- **Work required**
Using the entries below, copy exactly each line from the line with "이날 행사에는 충남 노사민정협의회" up to and including the line with "Ležadlo je vyrobené", with every picture left out.

- **Dataset entries**
BEGIN

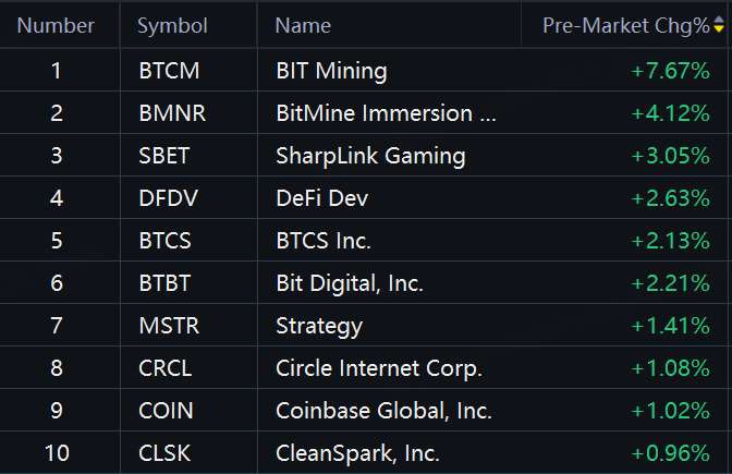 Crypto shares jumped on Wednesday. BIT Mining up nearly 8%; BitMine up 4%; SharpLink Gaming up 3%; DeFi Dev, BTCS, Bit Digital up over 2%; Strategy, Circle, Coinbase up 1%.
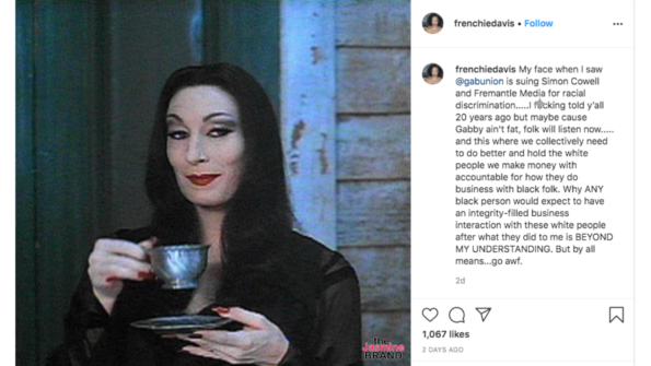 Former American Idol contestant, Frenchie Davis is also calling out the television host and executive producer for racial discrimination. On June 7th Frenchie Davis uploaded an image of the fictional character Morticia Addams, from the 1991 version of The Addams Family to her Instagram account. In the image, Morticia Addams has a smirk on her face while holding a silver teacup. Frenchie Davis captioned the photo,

END
BEGIN

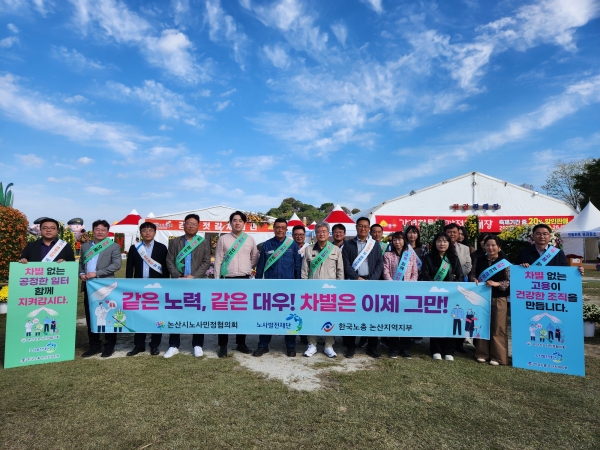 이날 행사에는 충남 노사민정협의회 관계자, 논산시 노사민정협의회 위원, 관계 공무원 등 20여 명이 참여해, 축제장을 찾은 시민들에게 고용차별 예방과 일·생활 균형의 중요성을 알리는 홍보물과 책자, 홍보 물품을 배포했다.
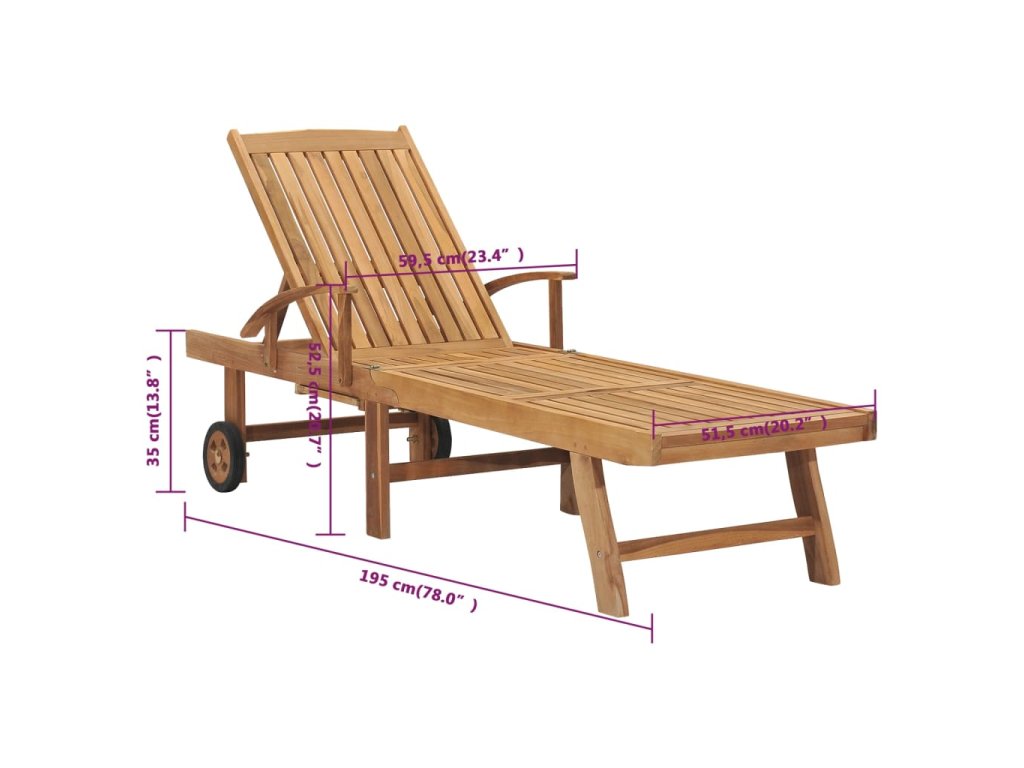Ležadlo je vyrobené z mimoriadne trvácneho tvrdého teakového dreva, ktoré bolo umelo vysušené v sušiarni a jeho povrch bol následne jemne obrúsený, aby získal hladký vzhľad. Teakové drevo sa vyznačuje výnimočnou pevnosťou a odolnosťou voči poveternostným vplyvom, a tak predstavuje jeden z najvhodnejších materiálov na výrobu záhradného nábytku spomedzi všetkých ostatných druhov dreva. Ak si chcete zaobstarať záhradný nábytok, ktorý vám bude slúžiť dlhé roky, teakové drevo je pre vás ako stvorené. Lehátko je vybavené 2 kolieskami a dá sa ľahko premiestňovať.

END
BEGIN

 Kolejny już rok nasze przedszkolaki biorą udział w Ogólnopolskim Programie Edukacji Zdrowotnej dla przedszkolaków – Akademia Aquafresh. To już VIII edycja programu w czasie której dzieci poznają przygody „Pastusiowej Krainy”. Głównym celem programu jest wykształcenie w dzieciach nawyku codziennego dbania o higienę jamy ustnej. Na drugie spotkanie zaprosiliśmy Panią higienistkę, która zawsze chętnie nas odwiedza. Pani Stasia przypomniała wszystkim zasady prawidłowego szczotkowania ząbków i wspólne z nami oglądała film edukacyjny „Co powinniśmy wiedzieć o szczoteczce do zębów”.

END

- **Task solution**
 이날 행사에는 충남 노사민정협의회 관계자, 논산시 노사민정협의회 위원, 관계 공무원 등 20여 명이 참여해, 축제장을 찾은 시민들에게 고용차별 예방과 일·생활 균형의 중요성을 알리는 홍보물과 책자, 홍보 물품을 배포했다.
Ležadlo je vyrobené z mimoriadne trvácneho tvrdého teakového dreva, ktoré bolo umelo vysušené v sušiarni a jeho povrch bol následne jemne obrúsený, aby získal hladký vzhľad. Teakové drevo sa vyznačuje výnimočnou pevnosťou a odolnosťou voči poveternostným vplyvom, a tak predstavuje jeden z najvhodnejších materiálov na výrobu záhradného nábytku spomedzi všetkých ostatných druhov dreva. Ak si chcete zaobstarať záhradný nábytok, ktorý vám bude slúžiť dlhé roky, teakové drevo je pre vás ako stvorené. Lehátko je vybavené 2 kolieskami a dá sa ľahko premiestňovať.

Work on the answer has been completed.